• [Problem to work on] Output the lines of the listing below exactly, starting at the line containing "Merhaba hesabımı oyunu" and stopping after the last line, with any pictures dropped.
:: Source material
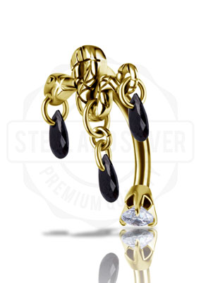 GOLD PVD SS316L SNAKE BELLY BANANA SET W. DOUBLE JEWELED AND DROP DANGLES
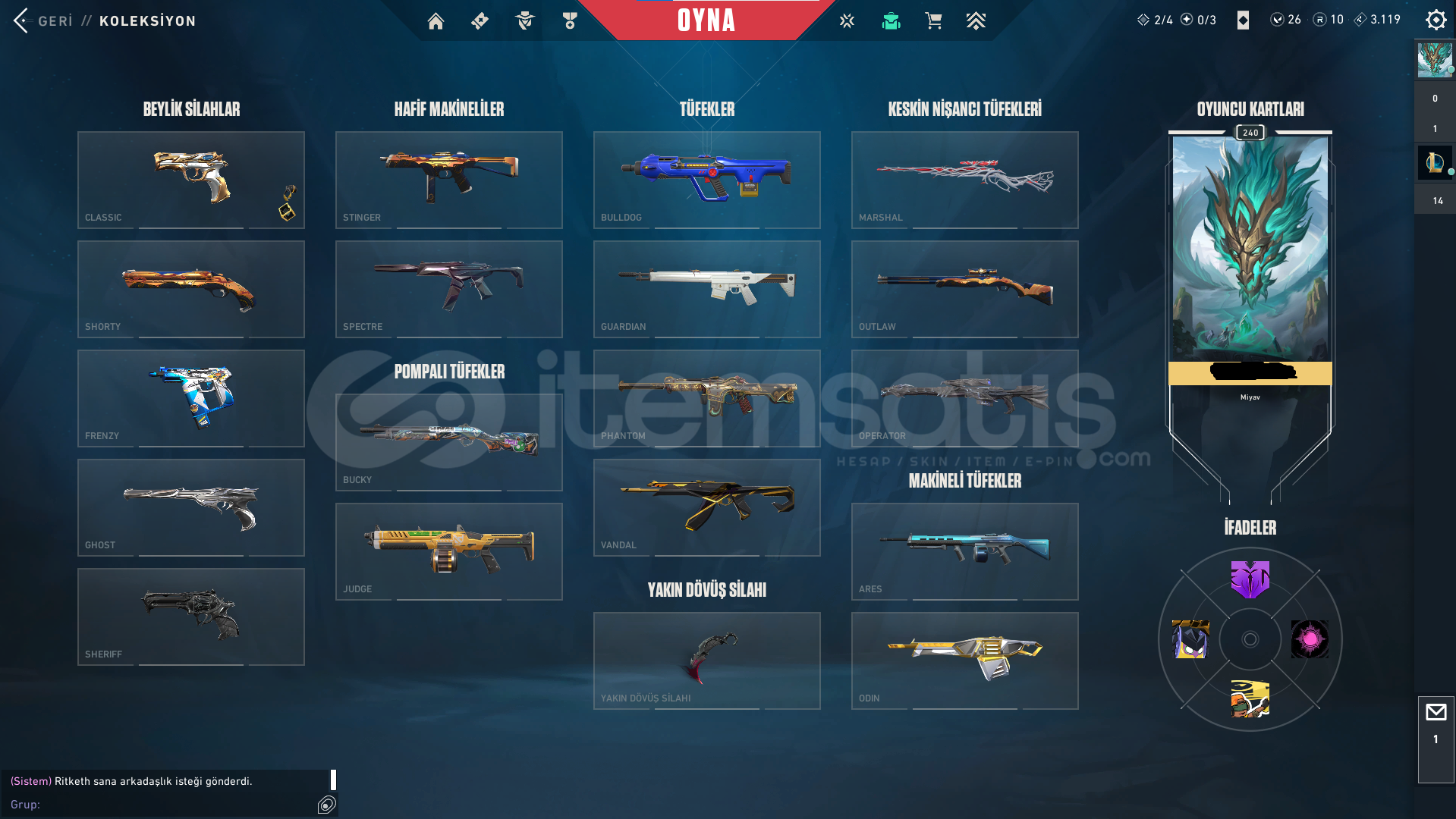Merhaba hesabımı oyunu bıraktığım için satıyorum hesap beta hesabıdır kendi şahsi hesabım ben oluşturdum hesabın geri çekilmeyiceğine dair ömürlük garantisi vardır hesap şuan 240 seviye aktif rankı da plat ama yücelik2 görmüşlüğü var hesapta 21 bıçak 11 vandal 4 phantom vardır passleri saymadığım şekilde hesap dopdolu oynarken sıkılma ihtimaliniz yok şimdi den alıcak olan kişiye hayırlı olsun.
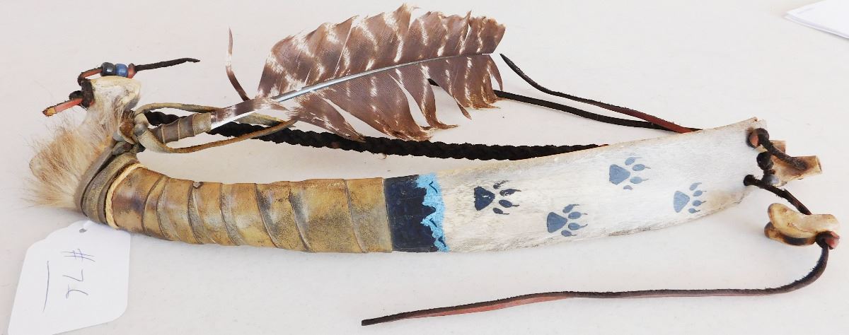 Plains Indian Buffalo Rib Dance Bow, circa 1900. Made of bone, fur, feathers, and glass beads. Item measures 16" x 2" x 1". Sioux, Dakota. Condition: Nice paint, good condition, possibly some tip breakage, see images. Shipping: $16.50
::::
• [Exercise response]
Merhaba hesabımı oyunu bıraktığım için satıyorum hesap beta hesabıdır kendi şahsi hesabım ben oluşturdum hesabın geri çekilmeyiceğine dair ömürlük garantisi vardır hesap şuan 240 seviye aktif rankı da plat ama yücelik2 görmüşlüğü var hesapta 21 bıçak 11 vandal 4 phantom vardır passleri saymadığım şekilde hesap dopdolu oynarken sıkılma ihtimaliniz yok şimdi den alıcak olan kişiye hayırlı olsun.
 Plains Indian Buffalo Rib Dance Bow, circa 1900. Made of bone, fur, feathers, and glass beads. Item measures 16" x 2" x 1". Sioux, Dakota. Condition: Nice paint, good condition, possibly some tip breakage, see images. Shipping: $16.50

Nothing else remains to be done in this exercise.